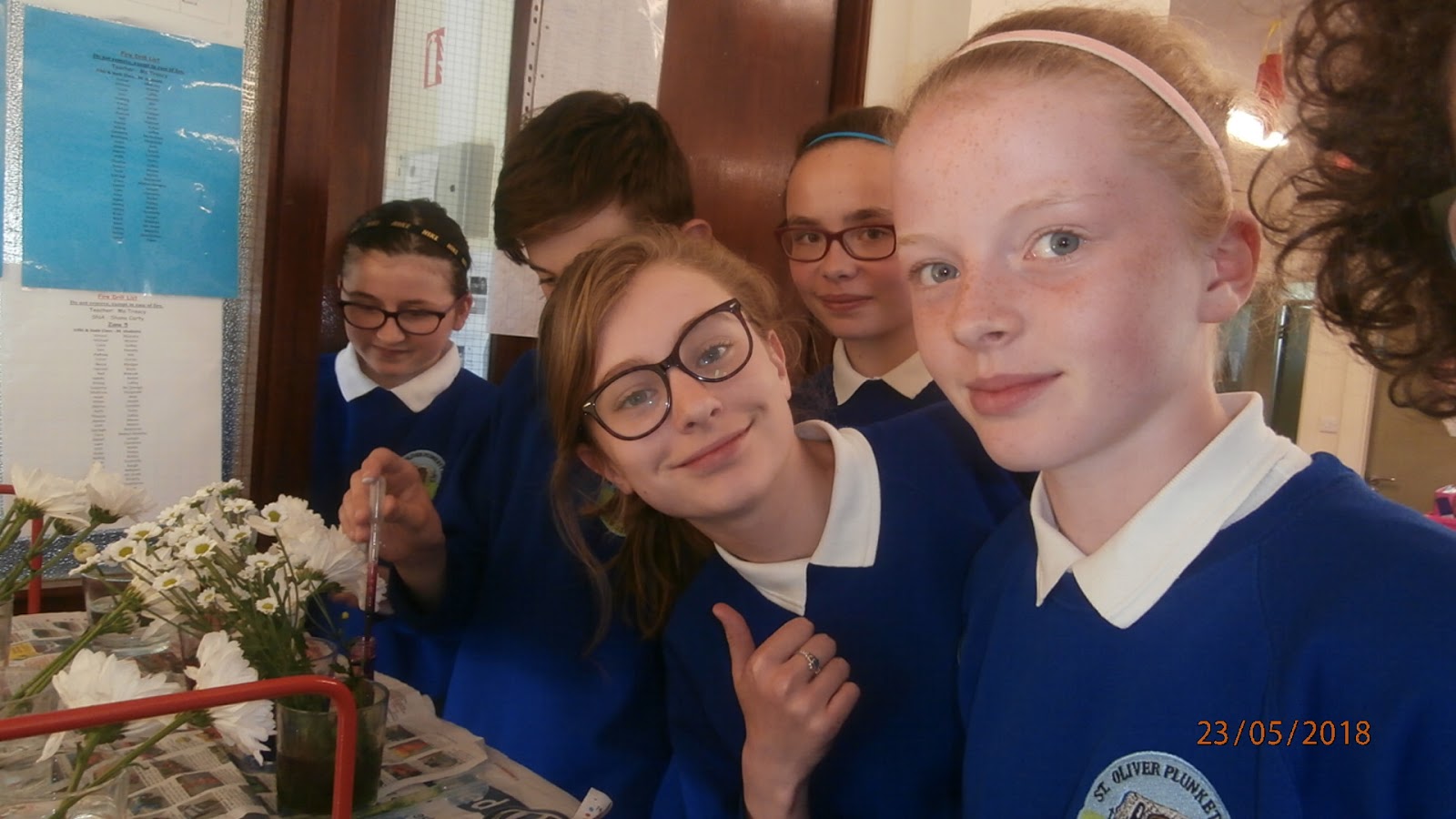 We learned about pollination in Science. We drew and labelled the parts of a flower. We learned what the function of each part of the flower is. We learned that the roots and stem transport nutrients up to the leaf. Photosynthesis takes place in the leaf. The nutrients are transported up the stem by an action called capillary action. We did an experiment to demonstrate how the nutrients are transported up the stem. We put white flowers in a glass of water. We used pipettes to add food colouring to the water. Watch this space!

---

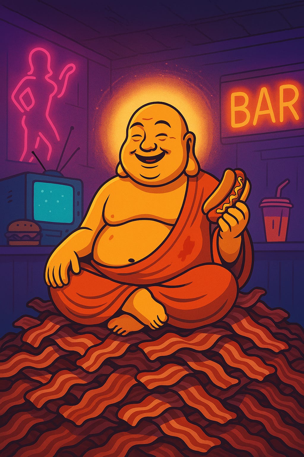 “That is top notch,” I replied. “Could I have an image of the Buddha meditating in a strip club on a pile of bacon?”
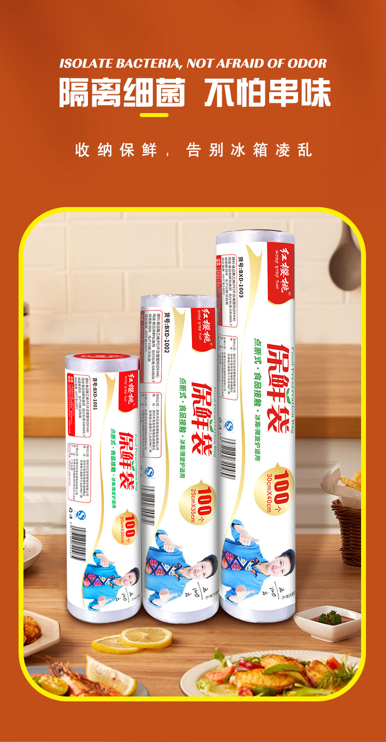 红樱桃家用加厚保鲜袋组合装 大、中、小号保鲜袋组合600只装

--

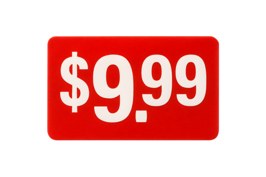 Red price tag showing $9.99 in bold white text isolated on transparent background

## PROBLEM STATEMENT
Beginning with the line that contains "have an image", write out the lines of the material above exactly, and end with the line that contains "红樱桃家用加厚保鲜袋组合装 大、中、小号保鲜袋组合600只装". Omit the pictures.

## TASK SOLUTION
 “That is top notch,” I replied. “Could I have an image of the Buddha meditating in a strip club on a pile of bacon?”
 红樱桃家用加厚保鲜袋组合装 大、中、小号保鲜袋组合600只装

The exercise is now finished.